- Data
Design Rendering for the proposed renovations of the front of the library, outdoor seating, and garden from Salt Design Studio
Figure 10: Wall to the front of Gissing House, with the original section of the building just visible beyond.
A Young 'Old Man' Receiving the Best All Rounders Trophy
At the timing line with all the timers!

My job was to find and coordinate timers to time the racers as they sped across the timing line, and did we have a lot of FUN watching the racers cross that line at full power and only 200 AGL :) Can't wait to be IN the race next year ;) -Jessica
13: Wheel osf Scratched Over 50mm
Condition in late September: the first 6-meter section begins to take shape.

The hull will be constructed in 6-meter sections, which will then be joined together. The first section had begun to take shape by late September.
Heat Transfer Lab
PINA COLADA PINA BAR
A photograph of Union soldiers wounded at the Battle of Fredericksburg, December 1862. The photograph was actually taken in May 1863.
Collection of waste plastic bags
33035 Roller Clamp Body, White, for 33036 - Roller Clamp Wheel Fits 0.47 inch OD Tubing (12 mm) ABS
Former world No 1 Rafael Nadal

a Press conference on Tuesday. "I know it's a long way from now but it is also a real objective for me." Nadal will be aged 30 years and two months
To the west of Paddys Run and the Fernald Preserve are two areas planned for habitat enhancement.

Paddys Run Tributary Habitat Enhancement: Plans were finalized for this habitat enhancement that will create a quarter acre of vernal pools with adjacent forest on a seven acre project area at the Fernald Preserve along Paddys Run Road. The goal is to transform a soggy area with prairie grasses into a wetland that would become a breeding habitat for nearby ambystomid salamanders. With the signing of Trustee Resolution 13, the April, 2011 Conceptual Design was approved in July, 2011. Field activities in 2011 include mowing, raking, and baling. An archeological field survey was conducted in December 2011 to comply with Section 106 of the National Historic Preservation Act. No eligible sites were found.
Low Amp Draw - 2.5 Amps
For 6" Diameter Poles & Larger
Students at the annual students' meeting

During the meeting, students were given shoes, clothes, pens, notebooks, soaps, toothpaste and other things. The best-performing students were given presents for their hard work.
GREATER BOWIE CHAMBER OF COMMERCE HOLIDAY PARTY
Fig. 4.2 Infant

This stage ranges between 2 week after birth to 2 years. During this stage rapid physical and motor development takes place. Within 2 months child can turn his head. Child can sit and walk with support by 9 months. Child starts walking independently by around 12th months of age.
* * *
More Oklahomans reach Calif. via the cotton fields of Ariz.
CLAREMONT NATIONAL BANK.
* * *
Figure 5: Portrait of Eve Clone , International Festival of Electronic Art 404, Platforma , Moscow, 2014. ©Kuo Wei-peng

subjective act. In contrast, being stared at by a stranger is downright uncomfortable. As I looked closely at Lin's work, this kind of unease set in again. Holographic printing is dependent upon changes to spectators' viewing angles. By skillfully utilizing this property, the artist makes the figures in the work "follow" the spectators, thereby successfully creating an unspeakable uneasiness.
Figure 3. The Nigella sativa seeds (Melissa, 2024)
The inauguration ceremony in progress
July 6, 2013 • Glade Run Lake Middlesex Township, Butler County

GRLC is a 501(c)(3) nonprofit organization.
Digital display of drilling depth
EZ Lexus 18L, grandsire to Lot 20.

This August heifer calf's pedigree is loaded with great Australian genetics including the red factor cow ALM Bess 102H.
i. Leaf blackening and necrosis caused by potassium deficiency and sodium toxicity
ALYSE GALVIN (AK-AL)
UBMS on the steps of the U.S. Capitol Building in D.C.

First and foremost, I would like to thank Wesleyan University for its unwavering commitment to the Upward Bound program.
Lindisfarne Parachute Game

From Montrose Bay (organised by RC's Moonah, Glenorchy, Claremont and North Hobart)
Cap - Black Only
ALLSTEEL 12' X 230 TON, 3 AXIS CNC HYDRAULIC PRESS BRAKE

- What is being asked
Above are the records; print exactly the lines from the line with "A Young 'Old" to the line with "At the timing line with all the timers!", including both, and nothing else.

- Result of the exercise
A Young 'Old Man' Receiving the Best All Rounders Trophy
At the timing line with all the timers!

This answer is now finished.